Un pelo ....si ma non un pelo qualunque....un SUO pelo: come faccio a sapere che era proprio un SUO pelo?
Lo so e basta...ho visto i suoi peli per due anni e mezzo, saprò riconoscerli?
Quella forma a spirale, il colore, la lunghezza...insomma era un SUO pelo.
E allora? Niente credevo di avere cancellato tutte le sue tracce (almeno quelle fisicamente eliminabili)..invece no: io ho un SUO pelo e lui ha la mia CASSETTA DI MATRIX!!!!!

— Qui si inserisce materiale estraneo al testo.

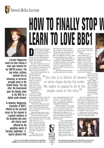 Lorraine Heggessey could not have chosen a more epic moment for her BAFTA Lecture. The day before, millions watched live on television as terrorists wrought havoc in the United States. The day after, the Government gave the thumbs down totheBBCfora digital youth channel.

LA VITA A VOLTE E' INGIUSTA!
PROPRIETA' TRANSITIVA
SE A=C
SE A è diverso da B
SE C è diverso da B
DOMANDA: COSA CI FA B TRA A E C?
Cosa c'entro io tra chi mi ha preceduta e chi mi ha succeduto?...continuo a chiedermi cosa cavolo c'entro?
Forse si è preso una boccata d'aria buona!
PROPRIETA' TRANSITIVA 2
Ho capito una cosa: io ho sicuramente un filo conduttore nella scelta degli uomini...tutti dico tutti nella situazione supermercato-carrello-facciamo la spesa insieme- tutti, quando mi sono fermata nel reparto vasi vasetti e marmellate e tipo setter da punta mi mettevo a fissare la Nutella, mi hanno detto: "NO LA NUTELLA NO...DAI TI FA MALE!".
Premesso che non sono una tipa tutta ciccia e brufoli e che madre natura mi consente ogni tanto qualche vizio...e premesso che la spesa MIA la pago CON I MIEI SUDATI DENARI...mi sono sempre chiesta perchè la Nutella no? Forse è da questo che potevo evincere che l'intenzione del fidanzato di turno fosse a lungo termine (meglio prevenire che curare)...ma ho deciso, il primo uomo che di fronte a questa situazione mi mette nel carrello il vaso da 1 kg e mezzo, lo sposo...in effetti c'è anche quello da 5 kg...nell'attesa domani lo compro.
TEST:
se dico AFFINITA' ELETTIVE...
PROGRAMMI PER IL WEEK END
Il belloccio esemplare di homo non ridens mi manda una marea di messaggini....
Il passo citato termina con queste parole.